* **Listed records**:
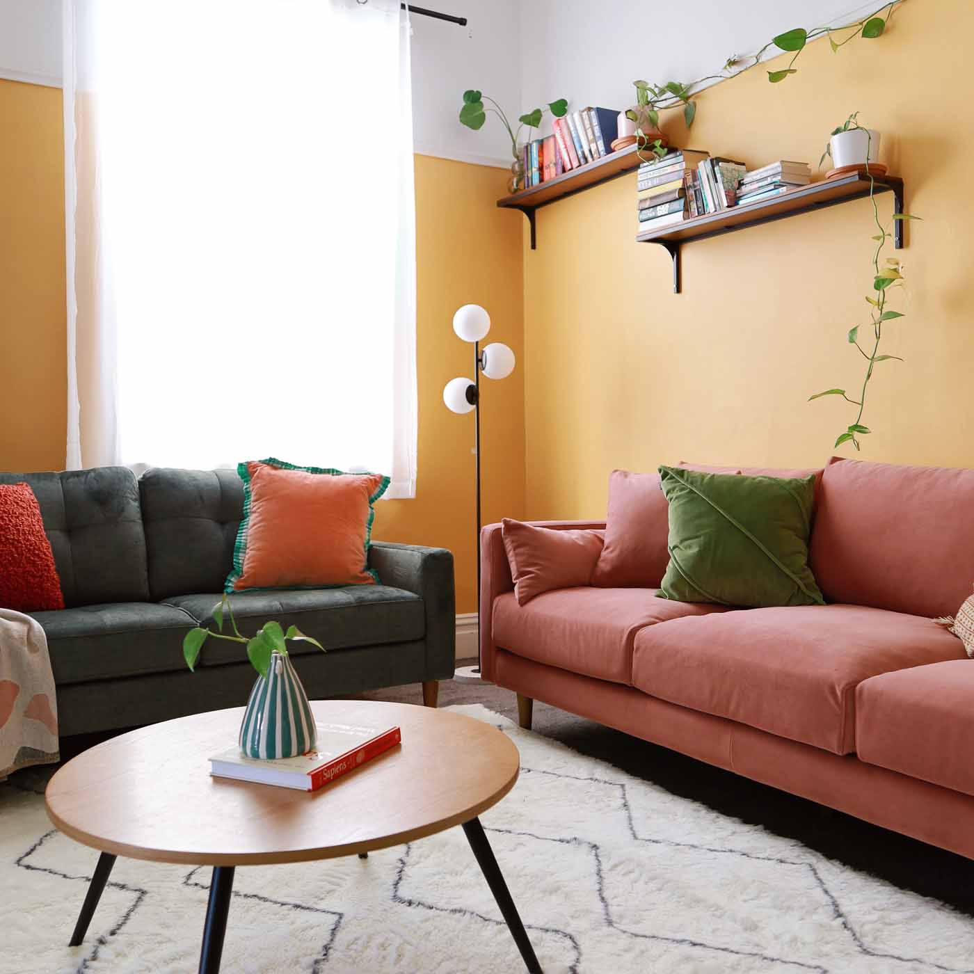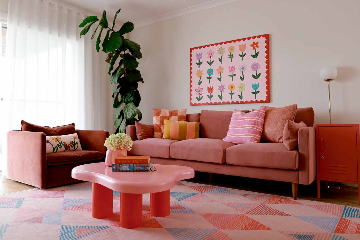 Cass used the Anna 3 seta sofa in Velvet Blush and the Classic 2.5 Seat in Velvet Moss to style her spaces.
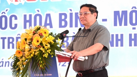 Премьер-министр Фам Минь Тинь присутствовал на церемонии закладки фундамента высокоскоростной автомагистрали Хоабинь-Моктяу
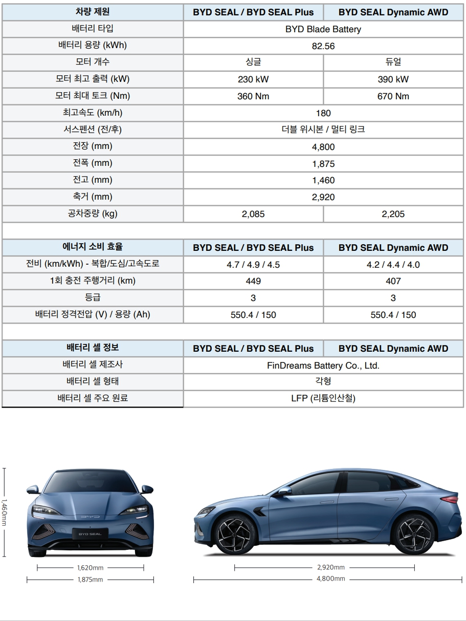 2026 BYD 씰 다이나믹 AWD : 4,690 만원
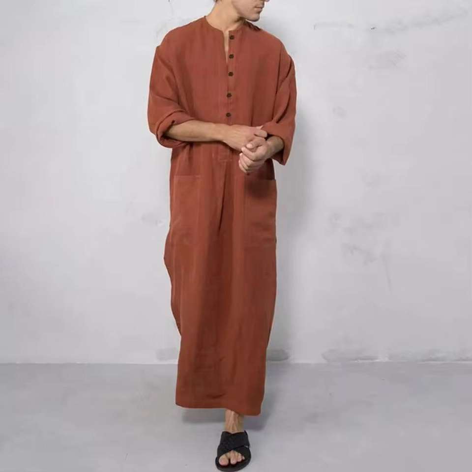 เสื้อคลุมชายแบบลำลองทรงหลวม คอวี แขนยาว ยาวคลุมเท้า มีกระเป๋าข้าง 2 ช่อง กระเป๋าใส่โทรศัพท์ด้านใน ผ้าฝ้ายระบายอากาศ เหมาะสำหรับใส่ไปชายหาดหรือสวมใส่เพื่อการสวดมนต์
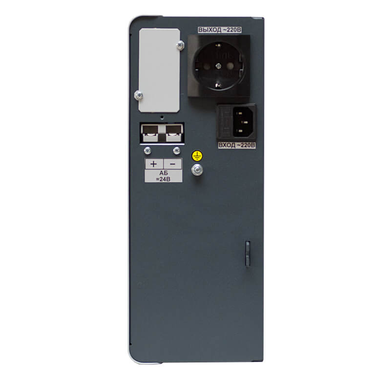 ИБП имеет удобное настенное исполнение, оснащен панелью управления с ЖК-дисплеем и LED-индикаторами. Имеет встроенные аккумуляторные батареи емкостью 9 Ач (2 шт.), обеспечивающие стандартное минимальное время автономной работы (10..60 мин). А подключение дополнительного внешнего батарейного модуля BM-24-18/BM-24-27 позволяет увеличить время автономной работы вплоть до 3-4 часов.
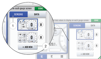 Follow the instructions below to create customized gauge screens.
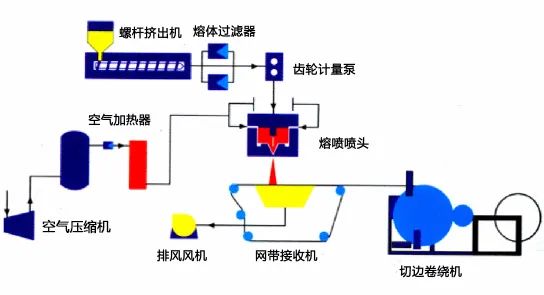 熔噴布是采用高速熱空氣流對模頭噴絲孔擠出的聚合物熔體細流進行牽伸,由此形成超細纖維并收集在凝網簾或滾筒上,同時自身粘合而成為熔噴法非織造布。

* **Problem description**: Return the listing above word for word, with the pictures removed.

* **Task output**:
 Cass used the Anna 3 seta sofa in Velvet Blush and the Classic 2.5 Seat in Velvet Moss to style her spaces.
 Премьер-министр Фам Минь Тинь присутствовал на церемонии закладки фундамента высокоскоростной автомагистрали Хоабинь-Моктяу
 2026 BYD 씰 다이나믹 AWD : 4,690 만원
 เสื้อคลุมชายแบบลำลองทรงหลวม คอวี แขนยาว ยาวคลุมเท้า มีกระเป๋าข้าง 2 ช่อง กระเป๋าใส่โทรศัพท์ด้านใน ผ้าฝ้ายระบายอากาศ เหมาะสำหรับใส่ไปชายหาดหรือสวมใส่เพื่อการสวดมนต์
 ИБП имеет удобное настенное исполнение, оснащен панелью управления с ЖК-дисплеем и LED-индикаторами. Имеет встроенные аккумуляторные батареи емкостью 9 Ач (2 шт.), обеспечивающие стандартное минимальное время автономной работы (10..60 мин). А подключение дополнительного внешнего батарейного модуля BM-24-18/BM-24-27 позволяет увеличить время автономной работы вплоть до 3-4 часов.
 Follow the instructions below to create customized gauge screens.
 熔噴布是采用高速熱空氣流對模頭噴絲孔擠出的聚合物熔體細流進行牽伸,由此形成超細纖維并收集在凝網簾或滾筒上,同時自身粘合而成為熔噴法非織造布。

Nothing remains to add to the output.